Three major Massachusetts' utilities—National Grid, Eversource Energy and UNITIL—delayed the selection by a month, citing the unexpected complexity of the three bids submitted and other factors. The three bids, were actually 20 separate submissions—some with multiple pricing and other options that included several complex scenarios that required detailed and demanding analysis.

A contract with Vineyard must be negotiated by July 2 and submitted by July 31 to state regulators. Vineyard filed in December the required federal environmental and construction operations plans to begin work in 2019 and is negotiating to secure transmission services and power purchase agreements. 

In its proposal, Vineyard said the project would provide $3.72 billion of benefits to Massachusetts.

"While the federal administration sits out this race, Massachusetts has the chance to win it with historic offshore wind projects," said Meagan Greene, Senior Director of Policy and Operations at The Alliance for Business Leadership in Boston, in a June 6 opinion in The Lowell (Mass.) Sun. "In addition to the economic benefits, a project of this size will contribute to Massachusetts' emission reduction targets set in the Global Warming Solutions Act in 2008."

Pace Quickens

Rhode Island picked Deepwater Wind’s project through participation in Massachusetts’ clean energy procurement process. State regulators independently evaluated proposals, said Gov. Gina Raimondo (D). Last year she set a goal to have 1,000 MW of clean energy by 2020.

Deepwater Wind is negotiating with utility National Grid.

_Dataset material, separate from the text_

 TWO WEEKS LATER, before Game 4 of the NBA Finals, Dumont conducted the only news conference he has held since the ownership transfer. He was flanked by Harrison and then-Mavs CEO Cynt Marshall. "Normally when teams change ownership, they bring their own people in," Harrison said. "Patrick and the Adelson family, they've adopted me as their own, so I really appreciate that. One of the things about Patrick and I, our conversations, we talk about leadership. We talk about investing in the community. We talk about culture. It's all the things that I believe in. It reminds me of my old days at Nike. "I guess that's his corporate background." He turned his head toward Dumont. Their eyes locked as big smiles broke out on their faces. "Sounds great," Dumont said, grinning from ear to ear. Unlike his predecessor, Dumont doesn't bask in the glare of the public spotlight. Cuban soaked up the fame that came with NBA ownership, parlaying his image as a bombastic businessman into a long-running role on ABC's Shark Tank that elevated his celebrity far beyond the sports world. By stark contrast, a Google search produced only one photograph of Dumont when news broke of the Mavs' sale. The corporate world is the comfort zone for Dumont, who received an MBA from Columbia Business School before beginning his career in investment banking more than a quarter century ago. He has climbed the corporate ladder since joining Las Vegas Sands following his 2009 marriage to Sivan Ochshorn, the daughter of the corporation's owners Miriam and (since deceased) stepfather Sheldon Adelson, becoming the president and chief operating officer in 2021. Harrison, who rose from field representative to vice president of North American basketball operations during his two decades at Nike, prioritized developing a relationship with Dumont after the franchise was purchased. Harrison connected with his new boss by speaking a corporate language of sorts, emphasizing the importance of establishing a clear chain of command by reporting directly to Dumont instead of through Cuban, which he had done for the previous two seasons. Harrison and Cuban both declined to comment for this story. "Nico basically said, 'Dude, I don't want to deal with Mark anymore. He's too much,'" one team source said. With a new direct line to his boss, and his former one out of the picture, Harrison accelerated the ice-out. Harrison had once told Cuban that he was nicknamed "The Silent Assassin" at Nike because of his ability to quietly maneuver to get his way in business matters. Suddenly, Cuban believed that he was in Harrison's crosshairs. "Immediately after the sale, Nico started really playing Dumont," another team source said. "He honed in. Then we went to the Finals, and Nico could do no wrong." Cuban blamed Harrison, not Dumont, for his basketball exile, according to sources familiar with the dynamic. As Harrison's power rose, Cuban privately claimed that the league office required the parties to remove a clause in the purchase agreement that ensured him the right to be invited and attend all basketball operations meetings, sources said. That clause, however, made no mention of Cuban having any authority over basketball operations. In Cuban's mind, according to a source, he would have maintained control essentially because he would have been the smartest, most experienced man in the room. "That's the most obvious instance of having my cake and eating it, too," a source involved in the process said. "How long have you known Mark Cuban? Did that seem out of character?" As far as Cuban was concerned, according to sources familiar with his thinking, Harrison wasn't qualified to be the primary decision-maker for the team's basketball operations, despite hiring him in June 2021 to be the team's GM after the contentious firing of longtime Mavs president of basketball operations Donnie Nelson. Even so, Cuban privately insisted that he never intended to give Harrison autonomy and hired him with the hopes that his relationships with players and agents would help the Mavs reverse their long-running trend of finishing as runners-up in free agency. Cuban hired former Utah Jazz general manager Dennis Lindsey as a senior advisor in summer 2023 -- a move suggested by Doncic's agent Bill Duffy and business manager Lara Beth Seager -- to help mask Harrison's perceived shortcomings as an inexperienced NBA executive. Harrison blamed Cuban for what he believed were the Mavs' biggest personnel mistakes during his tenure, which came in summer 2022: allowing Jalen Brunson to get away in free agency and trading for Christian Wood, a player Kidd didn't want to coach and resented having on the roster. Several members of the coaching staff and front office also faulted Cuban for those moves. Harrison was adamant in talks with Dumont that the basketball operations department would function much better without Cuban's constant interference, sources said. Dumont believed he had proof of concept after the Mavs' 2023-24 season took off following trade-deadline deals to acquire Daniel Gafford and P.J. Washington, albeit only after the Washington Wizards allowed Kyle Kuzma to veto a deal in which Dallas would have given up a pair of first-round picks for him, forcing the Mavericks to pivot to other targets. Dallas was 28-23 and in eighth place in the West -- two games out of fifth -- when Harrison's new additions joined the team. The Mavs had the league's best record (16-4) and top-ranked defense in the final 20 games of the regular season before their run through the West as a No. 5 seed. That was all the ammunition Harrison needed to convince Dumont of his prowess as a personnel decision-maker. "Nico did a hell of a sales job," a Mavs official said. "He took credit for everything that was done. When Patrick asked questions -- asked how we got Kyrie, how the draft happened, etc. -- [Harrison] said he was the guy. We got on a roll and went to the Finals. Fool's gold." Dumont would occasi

Survey work has begun, and construction could begin in 2020, with the project on line in 2023. The 50-turbine project will be in the same federal lease area as Deepwater’s 90-MW South Fork wind farm that was approved last year by New York’s Long Island Power Authority. 

The projects’ fast schedule is based on recently-built projects in Europe and will include the latest-generation turbine generators on a monopole foundation.

Cables from each turbine will connect to an electrical service platform where power is transformed from 66 kV to 220 kV. The cable to the transformer onshore will be buried six feet under the sea floor.

The two 400-MW projects will deliver power without needing to upgrade the existing transmission system, says Vineyard.

Deepwater Wind proposed adding offshore wind incrementally to take advantage of falling costs and coupling it with grid-scale pumped-storage and expandable transmission. The firm did not disclose the capacity amount it proposes to build initially. Adding wind incrementally could save ratepayers from $300 million to $600 million, the company said. The proposal for the Revolution Wind project is designed to serve as a regional energy center, according to Deepwater Wind.

Bay State Wind, a joint venture of developers Orsted and Eversource and the only bidder not selected, “remains fully committed” to the partnership, it says. The pair has since submitted a 200-MW offshore wind bid in Connecticut.

New Jersey aims to kickstart a goal to develop 3,500 MW by 2030 with a bill signed by Gov. Phil Murphy (D) on May 31 that requires regulators to review within 90 days the long-planned 24-MW Fishermen’s Energy project that predecessor Gov. Chris Christie (R) opposed.